Brief – Copy the data below exactly, but not the pictures it contains.

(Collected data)
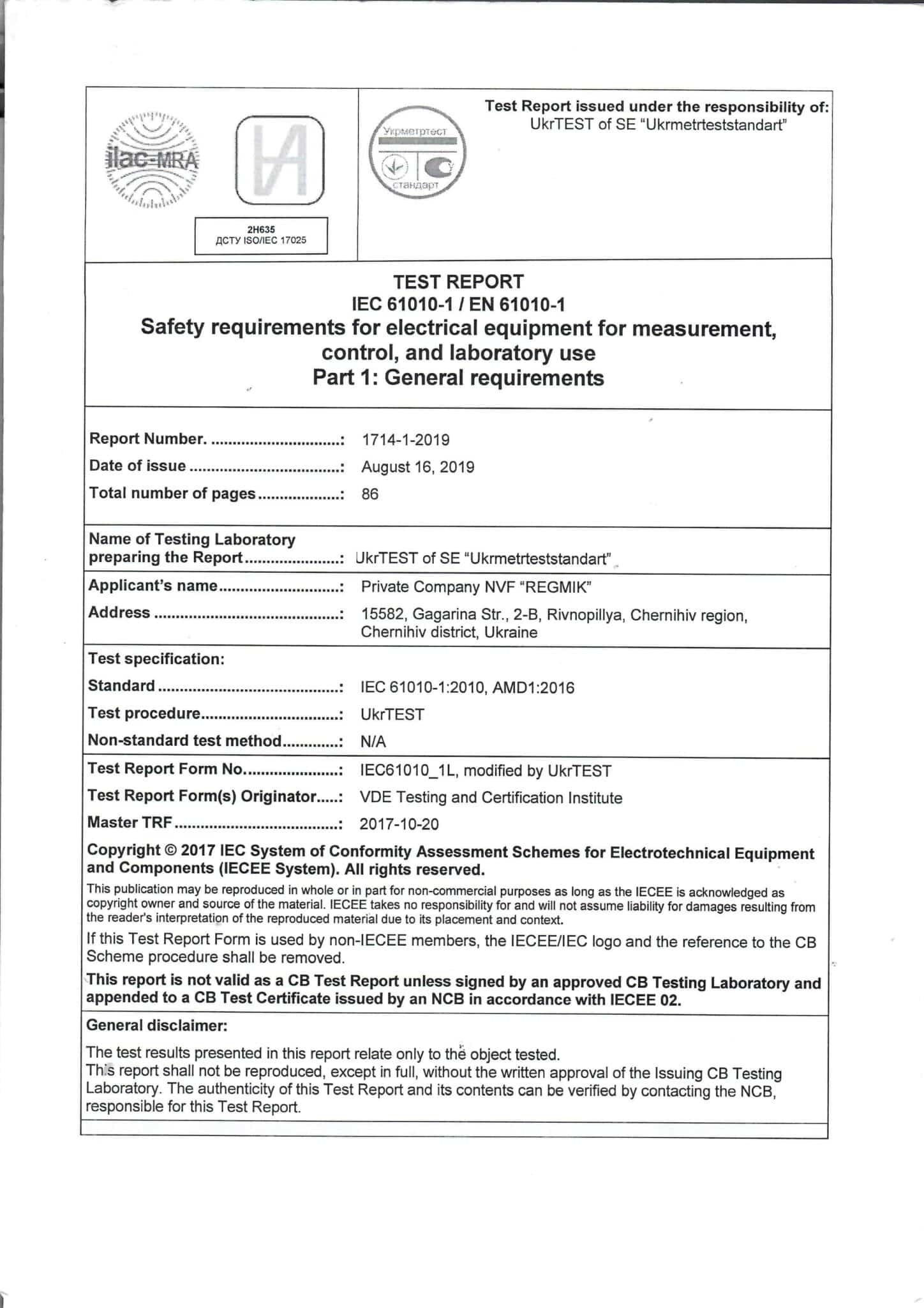- ДСТУ EN 61010-1: 2014 – Требования к безопасности контрольно-измерительного и лабораторного электрооборудования;ДСТУ EN 62479: 2015 – Оценка соответствия маломощного электронного и электрического оборудования базовым предельным уровням, связанным с воздействием электромагнитных полей на человека;
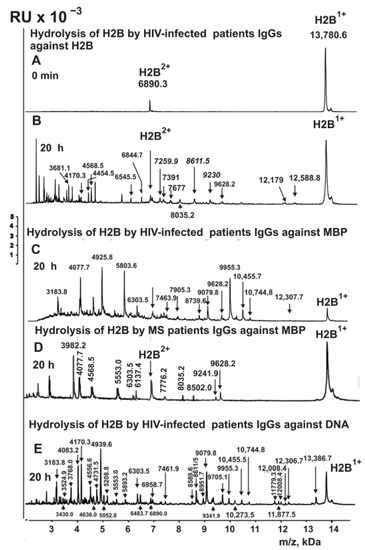 The polyspecificity in binding recognition and catalytic cross-reactivity of IgGs against various histones from the blood of HIV-infected patients was investigated using MALDI mass spectroscopy earlier in several studies [48,49,50]. In this work, IgGs were isolated from the blood of HIV-infected patients against H2B histone, MBP and DNA. It was interesting to understand whether HIV-infected patients’ antibodies against H2B histone and MBP are capable of hydrolyzing H2B and DNA and vice versa. Figure 7 shows the spectra of the products of H2B hydrolysis by antibodies of HIV-infected patients against H2B, MBP, and DNA.
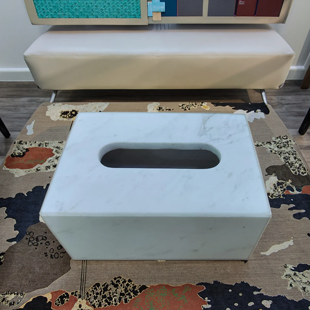 Designed to fit standard rectangular tissue boxes, the XPIC holder offers easy access to tissues while keeping them neatly contained and protected from spills or moisture. The sturdy marble construction adds weight and stability, preventing the box from sliding when you pull a tissue. Rounded inner edges and a precisely cut opening ensure tissues dispense smoothly without tearing.
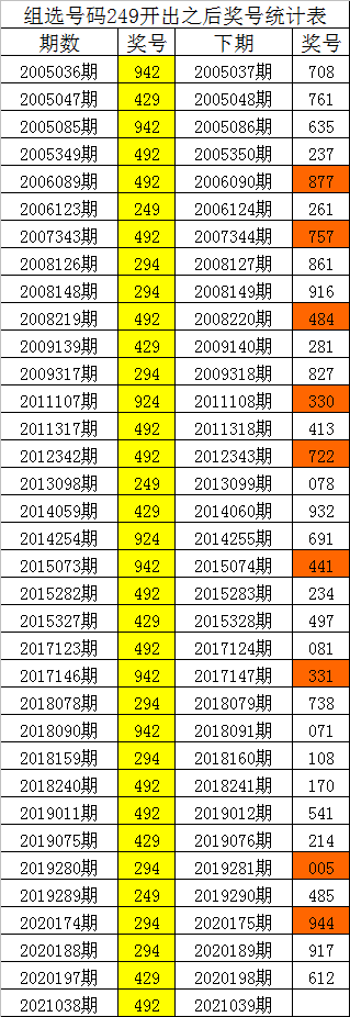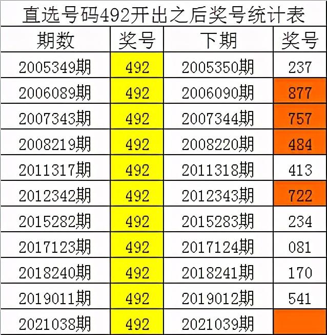 从上表统计可以看出,直选号码492开出之后,其下期奖号:
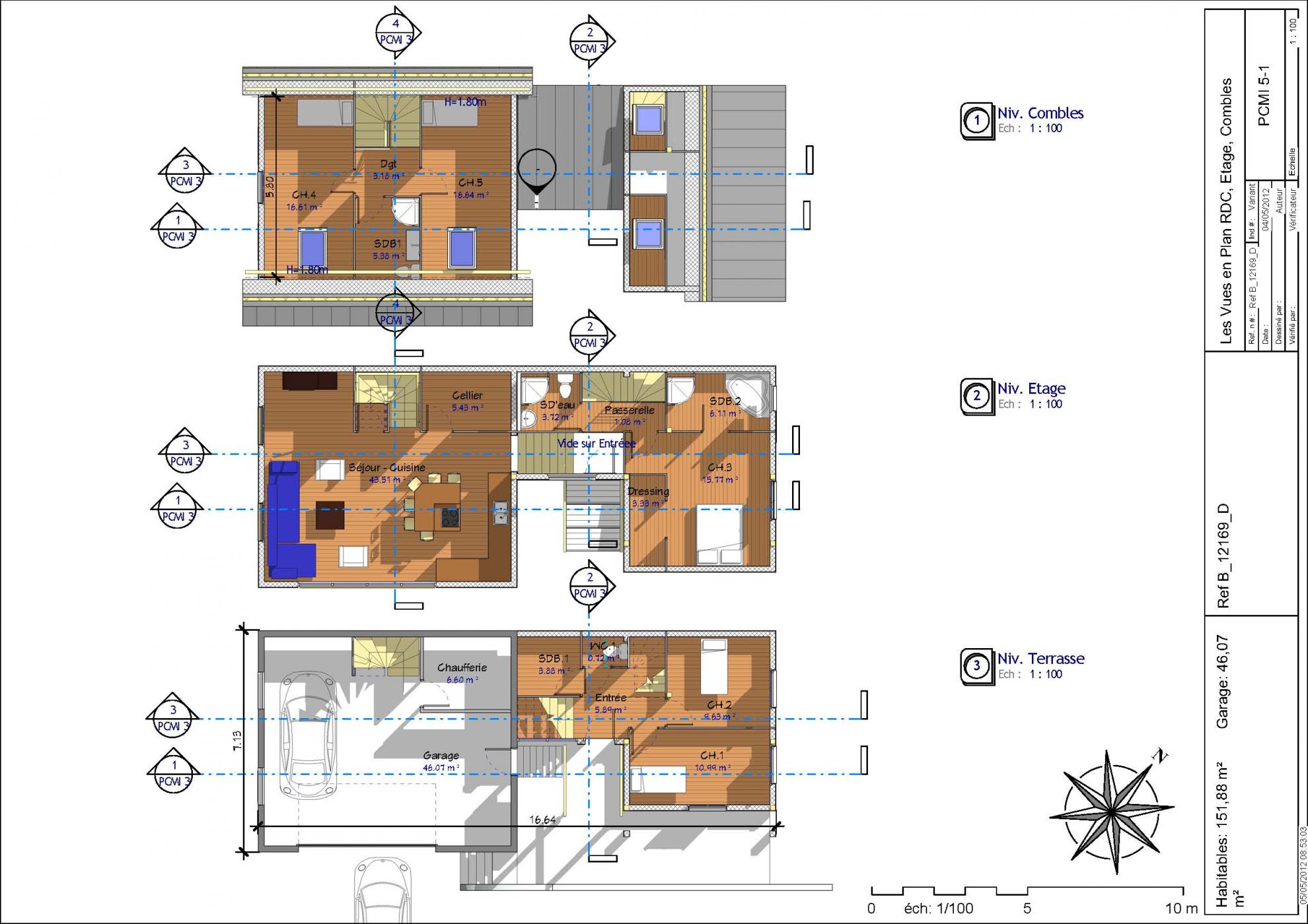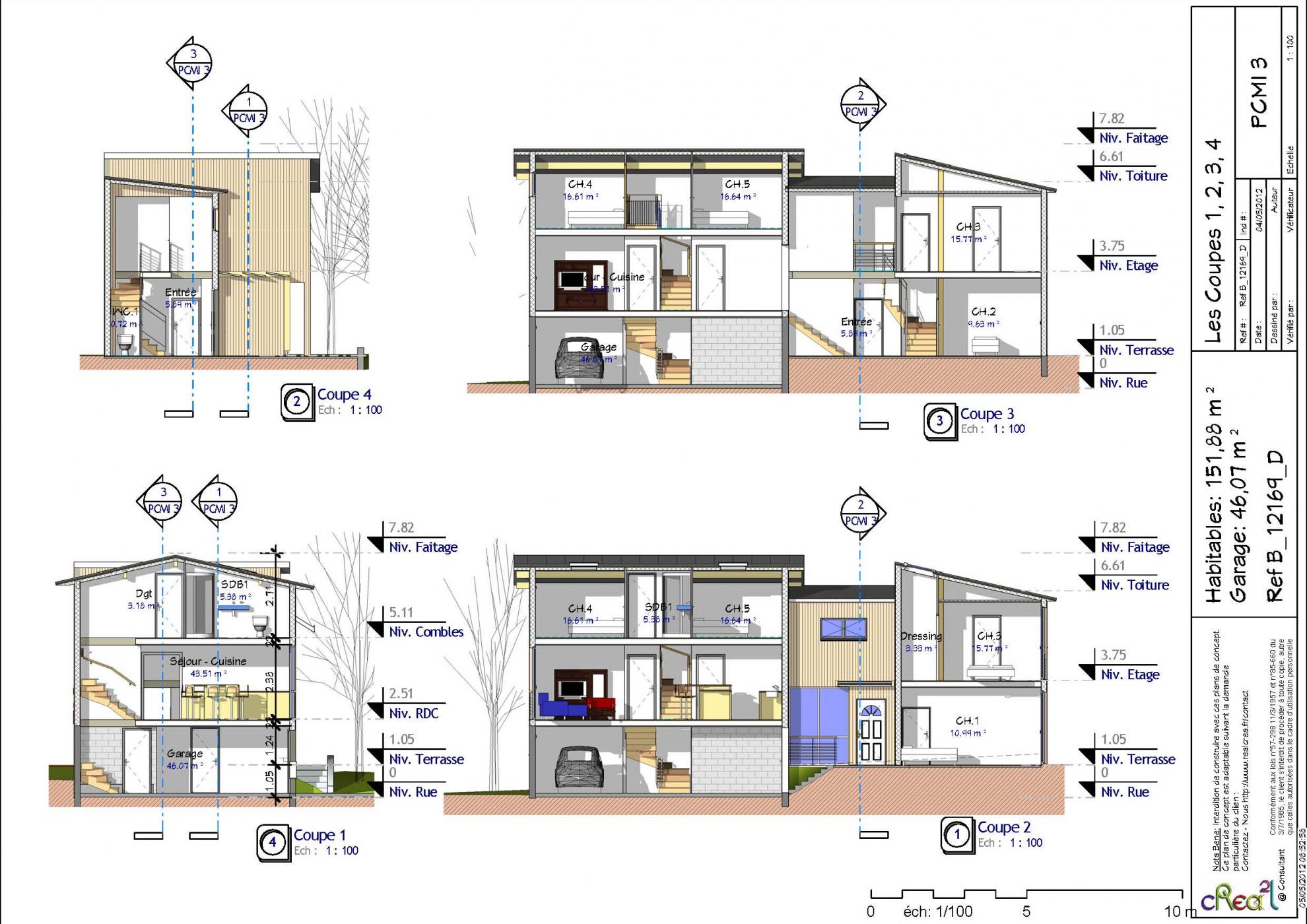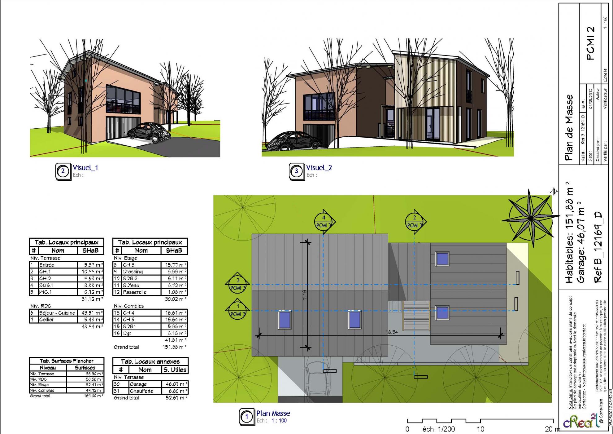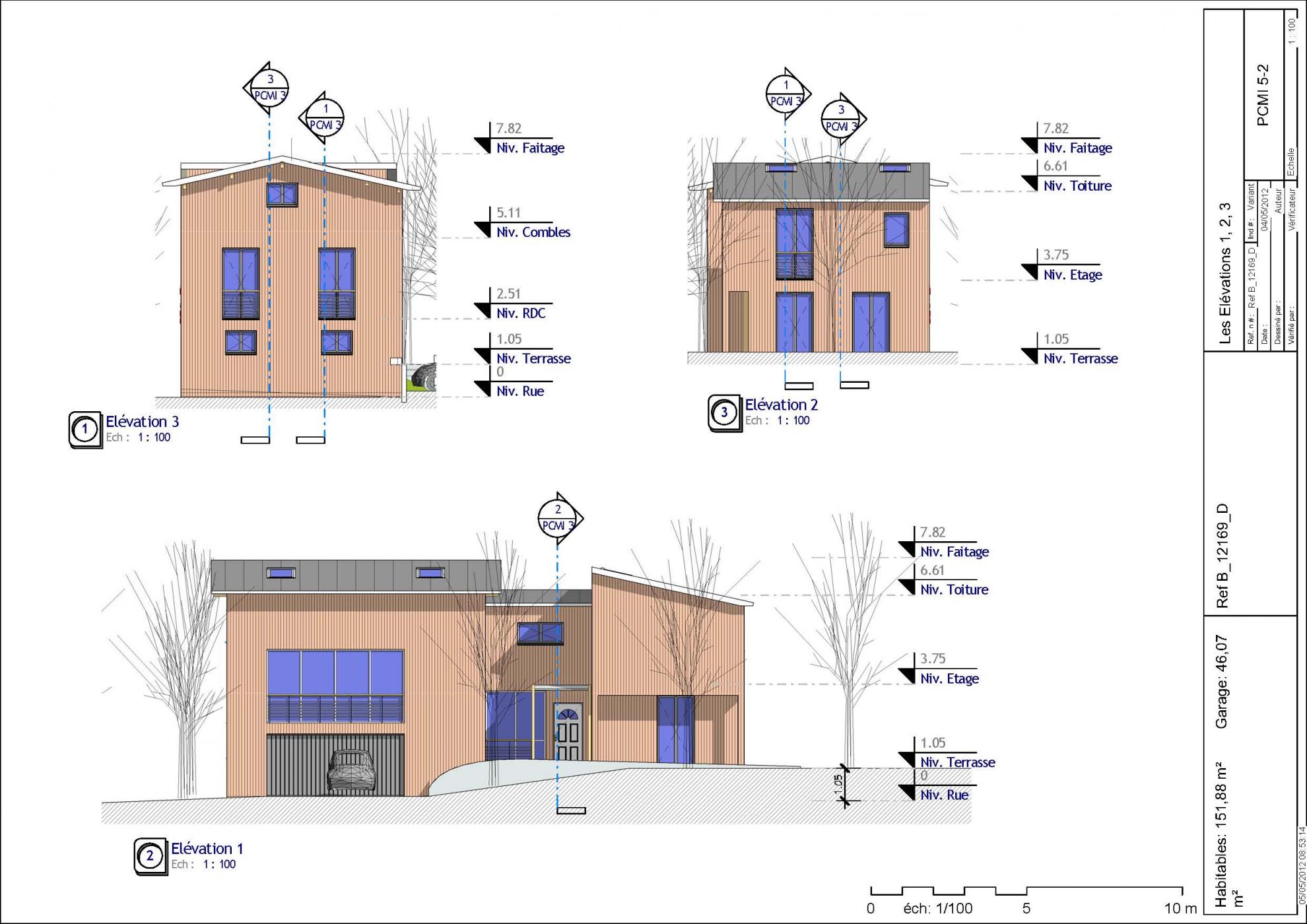 Plan B_12169_D : Maison bois moderne, R+2, 152 m², 1 suite parentale, 4 chambres, double garage en sous-sol.

Reply to the exercise –
- ДСТУ EN 61010-1: 2014 – Требования к безопасности контрольно-измерительного и лабораторного электрооборудования;ДСТУ EN 62479: 2015 – Оценка соответствия маломощного электронного и электрического оборудования базовым предельным уровням, связанным с воздействием электромагнитных полей на человека;
 The polyspecificity in binding recognition and catalytic cross-reactivity of IgGs against various histones from the blood of HIV-infected patients was investigated using MALDI mass spectroscopy earlier in several studies [48,49,50]. In this work, IgGs were isolated from the blood of HIV-infected patients against H2B histone, MBP and DNA. It was interesting to understand whether HIV-infected patients’ antibodies against H2B histone and MBP are capable of hydrolyzing H2B and DNA and vice versa. Figure 7 shows the spectra of the products of H2B hydrolysis by antibodies of HIV-infected patients against H2B, MBP, and DNA.
 Designed to fit standard rectangular tissue boxes, the XPIC holder offers easy access to tissues while keeping them neatly contained and protected from spills or moisture. The sturdy marble construction adds weight and stability, preventing the box from sliding when you pull a tissue. Rounded inner edges and a precisely cut opening ensure tissues dispense smoothly without tearing.
 从上表统计可以看出,直选号码492开出之后,其下期奖号:
 Plan B_12169_D : Maison bois moderne, R+2, 152 m², 1 suite parentale, 4 chambres, double garage en sous-sol.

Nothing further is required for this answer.